Rabu, 14 November 2012

BP Migas Bubar, Pemerintah Harus Segera Buat Aturan



JAKARTA, KOMPAS.com — Anggota DPR RI dari Fraksi PDI Perjuangan Budiman Sujatmiko menyatakan setuju dengan putusan Mahkamah Konstitusi yang mengabulkan uji materi Undang-Undang No 22 Tahun 2001 tentang Minyak dan Gas Bumi. Menurut Budiman, pembubaran tugas dan wewenang BP Migas ini merupakan langkah yang tepat karena selama ini BP Migas dinilai tidak memperlihatkan dukungan kepada perusahaan minyak dan gas dalam negeri.

"Secara otomatis, putusan MK tersebut membubarkan tugas dan wewenang BP Migas. Ini merupakan langkah yang tepat bila melihat keberadaan BP Migas selama ini tidak memperlihatkan dukungan kepada perusahaan minyak dan gas dalam negeri,” ujarnya kepada Kompas.com via BlackBerry Messenger, Rabu (14/11/2012).

Budiman mengungkapkan, hampir seluruh kontrak blok produksi diberikan kepada perusahaan minyak dan gas asing, seperti blok Mahakam pada waktu lalu. Hal ini juga akan terjadi pada kontrak migas yang masih berjalan atau yang akan berakhir serta juga yang terkait dengan negosiasi kontrak yang sedang berlangsung di BP Migas. Dengan demikian, kepastian hukum oleh pemerintah dibutuhkan saat ini.

Menurutnya, dalam menghadapi persoalan ini, pemerintah harus tegas menunjukkan keberpihakan pada kedaulatan energi bangsa dengan cara tidak perlu mempertahankan lagi kontrak-kontrak pertambangan migas yang akan berakhir dan menegosiasikan kembali kontrak yang sedang berjalan.

Seperti diketahui, MK memutuskan pasal yang mengatur tugas dan fungsi Badan Pelaksana Minyak dan Gas Bumi (BP Migas) yang diatur dalam UU Nomor 22 Tahun 2001 tentang Minyak dan Gas Bumi. Menurut MK, pasal-pasal itu bertentangan dengan UUD 1945 dan tidak memiliki hukum mengikat.
Mahkamah Konstitusi menilai, UU Migas membuka liberalisasi pengelolaan migas karena sangat dipengaruhi pihak asing. MK dalam pertimbangannya mengatakan hubungan antara negara dan sumber daya alam Migas sepanjang dikonstruksi dalam bentuk KKS antara BP Migas selaku Badan Hukum Milik Negara sebagai pihak pemerintah atau yang mewakili pemerintah, dengan Badan Usaha atau Bentuk Usaha Tetap sebagaimana diatur dalam UU Migas, bertentangan dengan prinsip penguasaan negara yang dimaksud oleh konstitusi.

Karena itu, Budiman menyatakan, pemerintah harus segera membuat aturan hukum untuk mengisi kekosongan hukum terkait pengaturan mengenai kewenangan unit minyak dan gas agar tidak ada kegaduhan di dalam pengelolaan minyak dan gas yang saat ini sedang berjalan.

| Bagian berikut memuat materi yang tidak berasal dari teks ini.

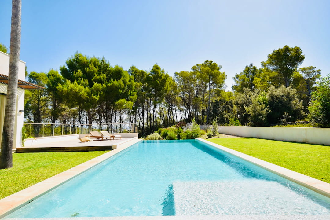 Diese kürzlich große, moderne Villa in Son Vida mit Meerblick in bester Lage verfügt über einen großen, flachen mediterranen Garten mit einer weitläufigen Rasenfläche. Die Villa beeindruckt mit einem großzügigen Außenbereich und einer Außentreppe, die zur Eingangshalle der Villa führt. Der loftartige Wohn-/Essbereich ist dank der bodentiefen Schiebefenster sehr hell. Dieser Bereich umfasst auch eine offene amerikanische Showküche mit Frühstücksinsel und eine Arbeitsküche im hinteren Bereich, ausgestattet mit deutschen Küchengeräten, sowie ein separates Büro mit eigenem Bad. Alle Zimmer auf dieser Etage sind über Terrassen oder Rasenflächen mit dem großzügigen Gartenbereich verbunden. Im Schlaftrakt der Villa befinden sich 2 Gästezimmer mit en-suite Badezimmern, eine Master-Suite mit Badezimmer und privater Sonnenterrasse, die zum quadratischen Salzwasser-Außenpool führt. Im Untergeschoss gibt es eine große Doppelgarage, einen großen Waschraum, zwei Gästesuiten mit Badezimmern und Einbauschränken. Außerdem gibt es ein Fitnessstudio mit Sauna und Badewanne sowie einen separaten Raum für ein Heimkino. Die Villa verfügt über eine große Dachterrasse mit beeindruckendem Meer- und Kathedralenblick. Diese Dachterrasse ist bereits mit einer Pergola ausgestattet und es gibt Anschlüsse für eine Außenküche.
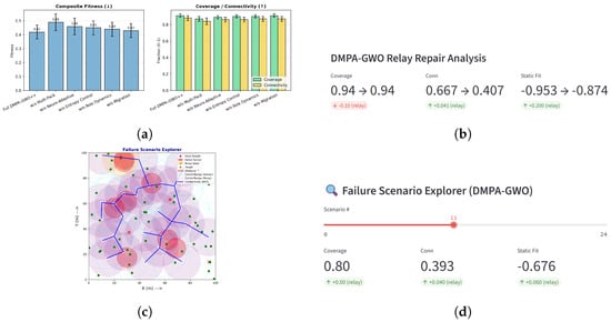 With , connectivity was typically restored with 2–3 relays (median = 2, IQR = 2–3), while coverage remained largely unaffected. Figure 6b. reports the ablation results: the multi-pack mechanism produces the largest benefit (≈25% loss reduction), with neuro-adaptive and entropy modules improving stability and diversity; role-based dynamics aid reconnection and migration reduces variance, together yielding balanced coverage–connectivity. Greedy bridging required only a few relays, as optimized layouts already aligned sensors along resilient corridors. Minor static penalties from relay overlap were offset by connectivity gains (Figure 6c), with overall coverage and fitness improving after relay insertion (Figure 6d).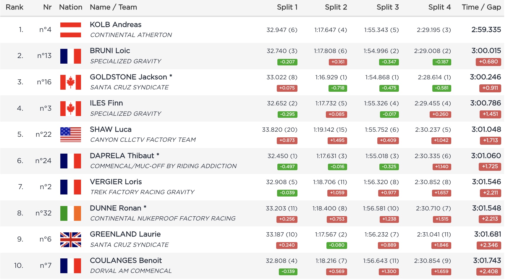 Loïc Bruni prend finalement la 2e place à 0,680s de la victoire, alors que Jackson Goldstone signe une performance impressionnante en terminant 3e à moins d’une seconde. Il s’agit du premier podium chez les Elites pour le jeune Canadien qui courait encore en junior la saison dernière.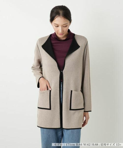 ------------------------------------着用シーズン:秋伸縮性:あり透け感:なしポケット:あり生地の厚さ:やや厚手-------------------------------------リバーシブル ダブルフェイス カーディガンリバーシブルで着用できる、ダブルフェイスのカーディガンです。長袖のデザインは、秋のコーディネートに活躍します。ノーカラーデザインが、すっきりとした印象。一枚羽織るだけで、上品なスタイルが完成します。※商品の色味は、撮影場所や光のあたり具合、お客様のお使いの機器により色味が違って見える場合がございます。予めご了承ください。家庭洗濯不可漂白不可タンブル乾燥不可アイロン低温160℃まで石油系溶剤ドライクリーニング弱ウェットクリーニング不可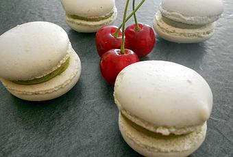 - Déposer du crémeux sur la moitié des coques et y enfoncer un petit morceau de confit puis recouvrir de crémeux.. Recouvrir d'une autre coque de macaron et appuyer légèrement.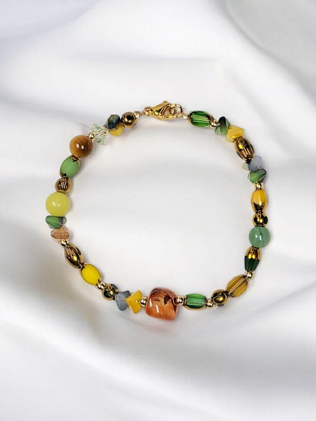 Die Kombination aus Achat, Zitronenjade, Aventurin und funkelnden Kristallperlen erinnert an die warmen Töne der Erde und das sanfte Schimmern des Lichts.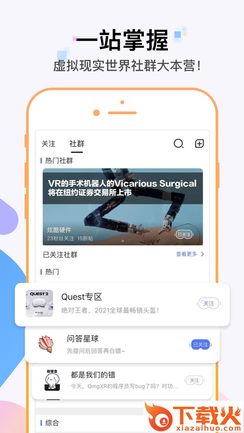 OmgXRapp,专为虚拟现实玩家打造的社群社交软件,汇聚最新XR咨讯,分享各种vr相关内容,认识志趣相投好友,探讨感兴趣话题,随时随地在线交友,沟通更便捷。...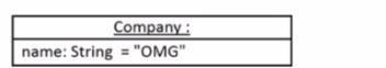 Choose the correct answer: Consider the following class definition: Which diagram fragment shows an instance of the Company class in which name has the value OMG?

Ini blok migas yang disarankan tidak perlu diperpanjang kontrak.
-    Blok Siak (operator PT Chevron Pasific Indonesia, CPI) habis kontrak 2013.
-    Gebang (Pertamina-Costa) habis kontrak pada 2015.
-    Blok Mahakam (Total), ONWJ (PHE), Attaka (Inpex), dan Lematang (Medco) habis kontrak pada 2017.
-    Tuban (Pertamina-Petrochina), Ogan Komering (Pertamina-Talisman), North Sumatra Offshore B (Exxon Mobil), Southeast Sumatra(CNOOC), Tengah (Total), NSO Extention (ExxonMobil), Sanga-Sanga (Vico Indonesia), dan West Pasir dan Attaka (CPI), habis kontrak pada 2018.
-    Bula (Kalrez Petrolum), Seram Non Bula (Citic), Pendopo dan Raja (Pertamina-Golden Spike), dan Jambi Merang (JOB Pertamina-Hess) habis kontrak pada 2019.
-    South Jambi B (ConocoPhilips), Malacca Strait (Kondur Petroleum), Brantas (Lapindo), Salawati (Pertamina-Petrochina), Kepala Burung Blok A (Petrochina), Sengkang (Energy Equity), dan Makassar Strait Offshore Area A (Chevron Indonesia Company) habis kontrak pada 2020.
-    Blok Rokan (CPI), Bentu Sengat (Kalila), Muriah (Petronas), dan Selat Panjang (Petroselat) pada 2021.